COLLECTED MATERIAL
────────────────────────────────────────

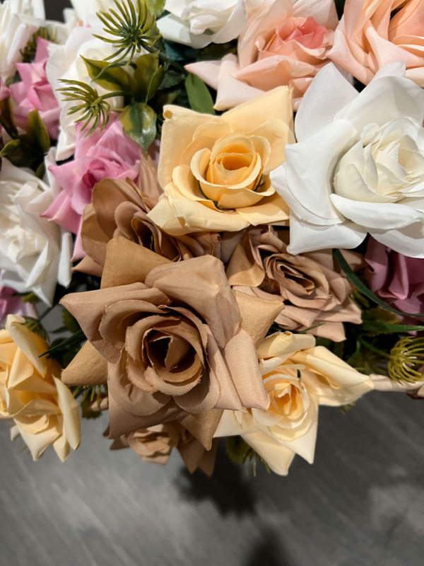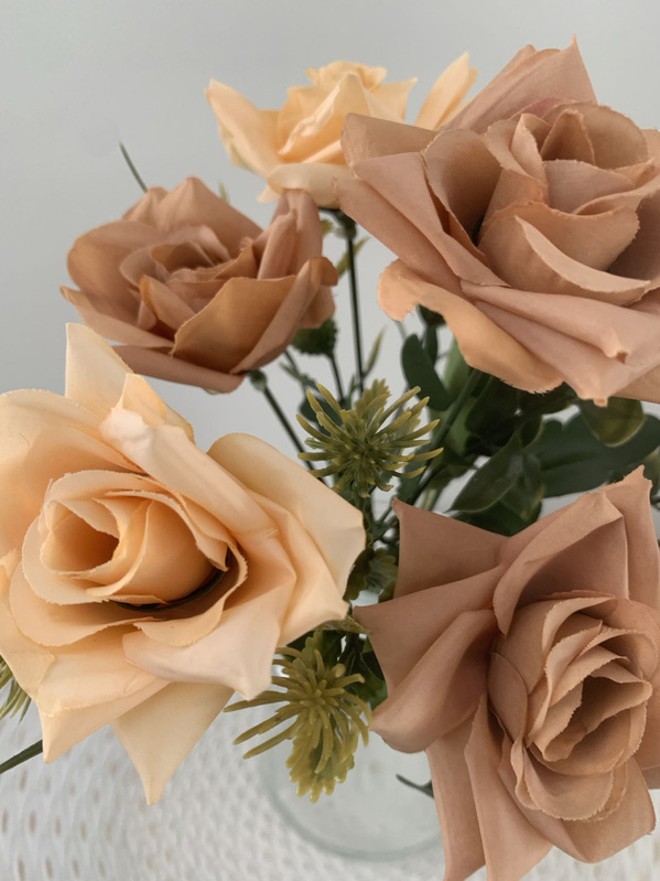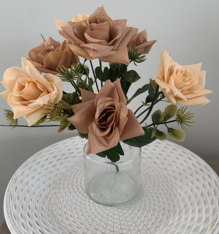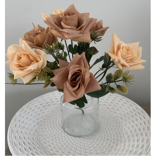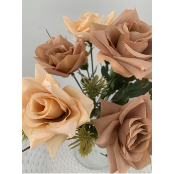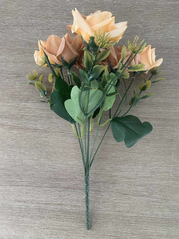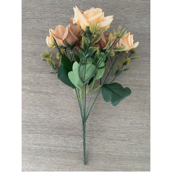 7 Head Rose Filler Bunch - Peach/Tan
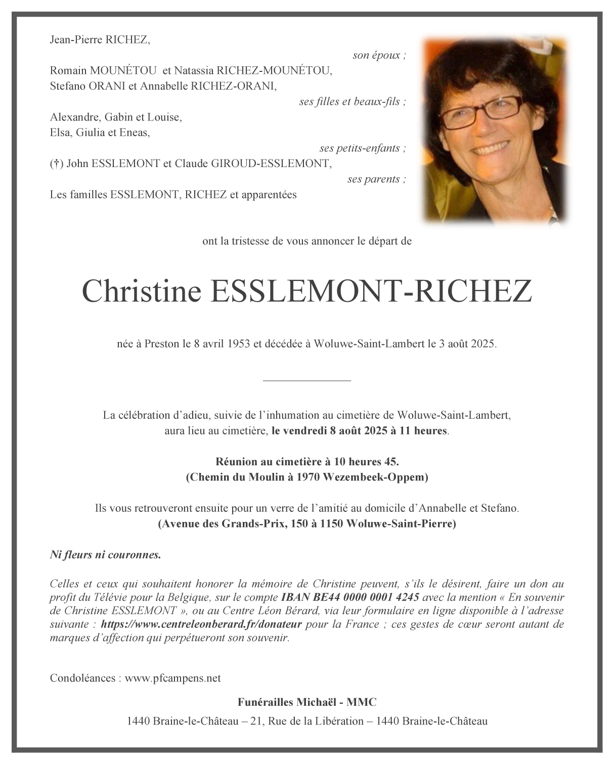 Décédée à Woluwe-Saint-Lambert (1200) le dimanche 3 août 2025 à l'âge de 72 ans
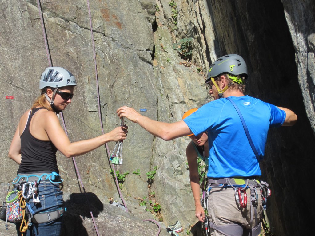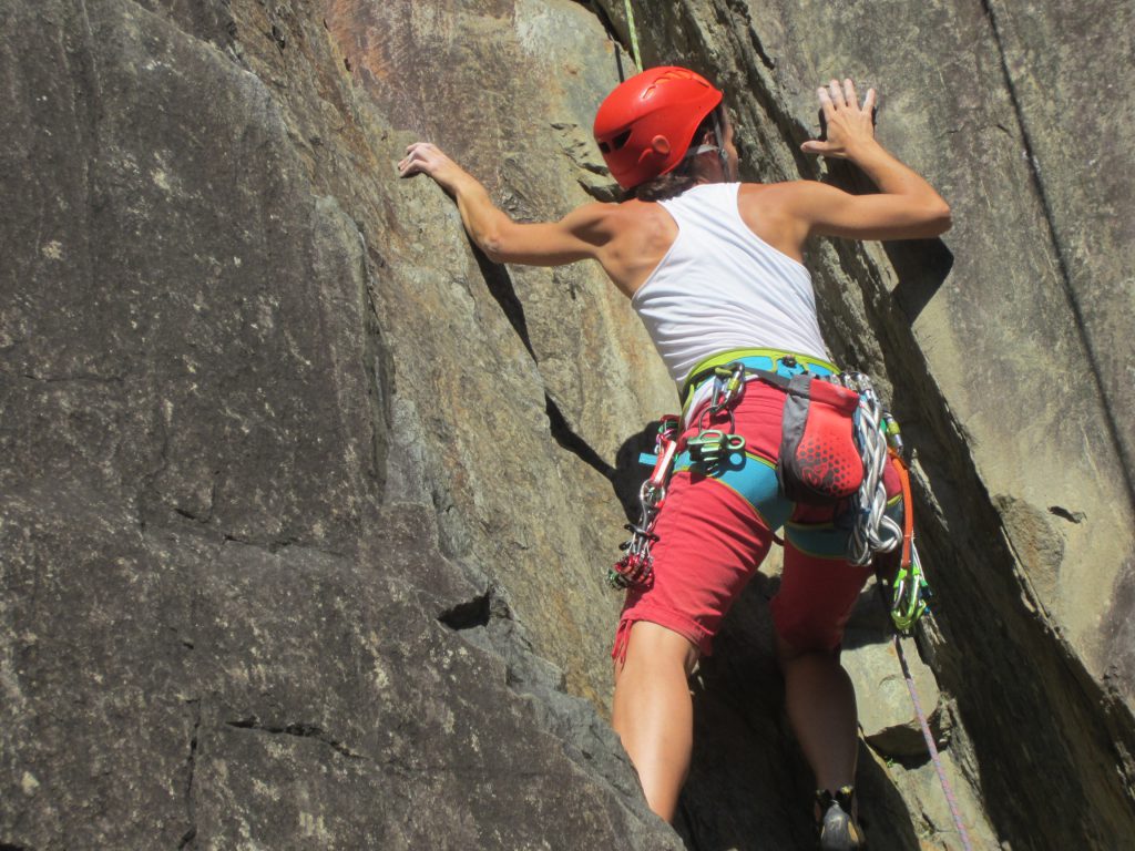 - Grimpe en posant des coinceurs et en posant des points de sécurité sur l’équipement de la falaise pour assurer la progression.

────────────────────────────────────────

TASK TO COMPLETE
I would like the material above returned exactly as it stands, without its pictures.

ANSWER BOX
 7 Head Rose Filler Bunch - Peach/Tan
 Décédée à Woluwe-Saint-Lambert (1200) le dimanche 3 août 2025 à l'âge de 72 ans
 - Grimpe en posant des coinceurs et en posant des points de sécurité sur l’équipement de la falaise pour assurer la progression.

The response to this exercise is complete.